Language Modeling Results Against Other Linear Models
The models were evaluated using the Eleuther evaluation harness on standard natural language understanding (NLU) tasks. Notably, SUPRA-processed models initialized from strong pre-trained transformers (Llama2-7B and Mistral-7B) maintained high performance across most benchmarks, outperforming other linear models like RWKV-5 with minimal uptraining.
SUPRA's performance was benchmarked against other pre-trained recurrent models and models trained from scratch. For instance, a Mamba model trained from scratch on 1.2 trillion tokens served as a strong baseline. SUPRA models, despite using significantly less training data, achieved competitive results, highlighting the efficiency of the uptraining process.
Long-Context Evaluations
Long-context tasks are challenging for many models due to the necessity of retaining information over extended sequences. SUPRA models were evaluated on tasks from the SCROLLS benchmark, such as Qasper and NarrativeQA, at various context lengths. The performance of these models was compared with their training context lengths and beyond.

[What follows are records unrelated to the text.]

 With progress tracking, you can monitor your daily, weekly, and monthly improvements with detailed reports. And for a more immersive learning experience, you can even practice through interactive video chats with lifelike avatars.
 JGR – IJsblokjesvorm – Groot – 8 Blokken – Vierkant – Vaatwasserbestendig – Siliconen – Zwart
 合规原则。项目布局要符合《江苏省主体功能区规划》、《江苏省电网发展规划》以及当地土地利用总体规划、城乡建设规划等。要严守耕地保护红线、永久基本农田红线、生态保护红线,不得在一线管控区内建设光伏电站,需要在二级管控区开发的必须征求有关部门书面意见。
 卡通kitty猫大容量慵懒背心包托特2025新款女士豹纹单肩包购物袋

SUPRA models demonstrated a capacity to maintain performance beyond their training context lengths, a trait typically associated with recurrent models. However, transformers without modifications generally outperformed SUPRA models at their maximum training context length. This indicates that while SUPRA models are effective, there is room for improvement in handling very long contexts.

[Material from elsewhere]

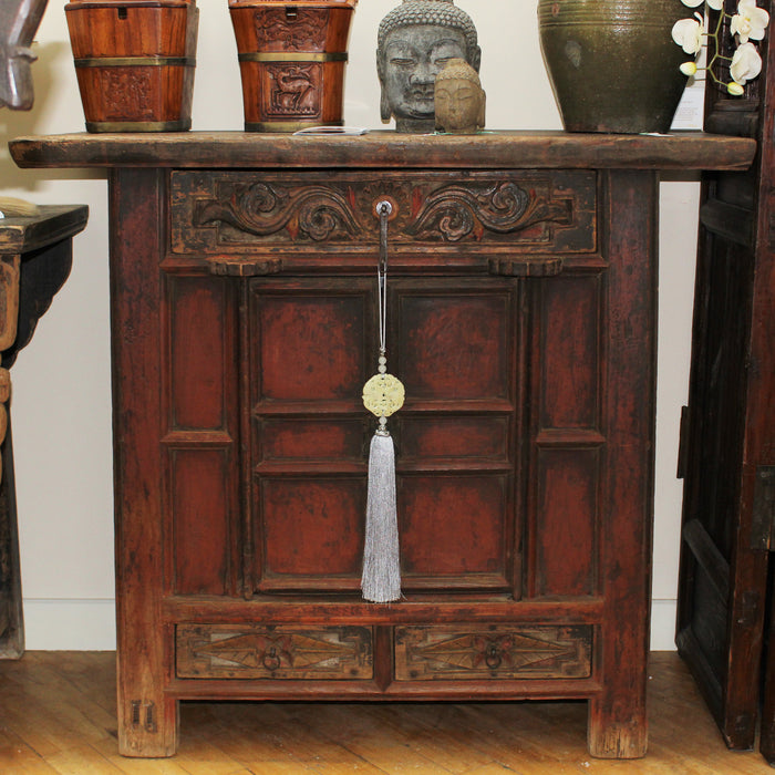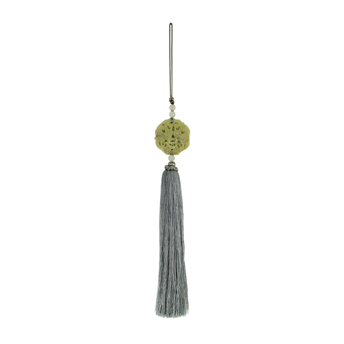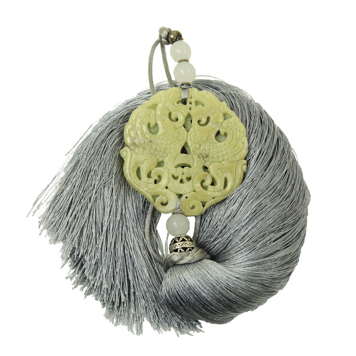 The jade centrepiece of this silver tassel depicts a pair of dragons facing each other. The tassel is part of our wide collection of meticulously carved soapstone or jade tassels in a stunning array of designs and colours. Both decorative and versatile, they are a perfect way to add a touch of charm and vibrancy to any space, whether hung on a wardrobe, cabinet or wall, or as elegant curtain ties for adding a sophisticated touch to an interior.

Key Insights and Comparisons
One significant finding was the importance of normalization in maintaining model performance during uptraining. SUPRA's use of GroupNorm instead of softmax normalization provided better stability and performance, particularly in larger models.
The experiments showed that pre-training a linear model on a vast dataset still yields better results compared to fine-tuning a softmax model trained on the same budget. This underscores the advantage of starting with strong pre-trained transformers and using the SUPRA method for efficient conversion.
Despite the promising results, SUPRA models exhibited persistent performance gaps in in-context learning tasks like MMLU. This suggests that linear models, even when uptrained from robust transformers, may have inherent limitations that need addressing through more sophisticated mechanisms or training strategies.
Conclusion
The SUPRA method provides a cost-effective and efficient approach to leveraging pre-trained transformers for tasks requiring recurrent neural networks. By converting transformers to RNNs, SUPRA maintains high performance on standard benchmarks and shows potential for long-context tasks. However, further research is needed to fully overcome the limitations in in-context learning and long-context performance.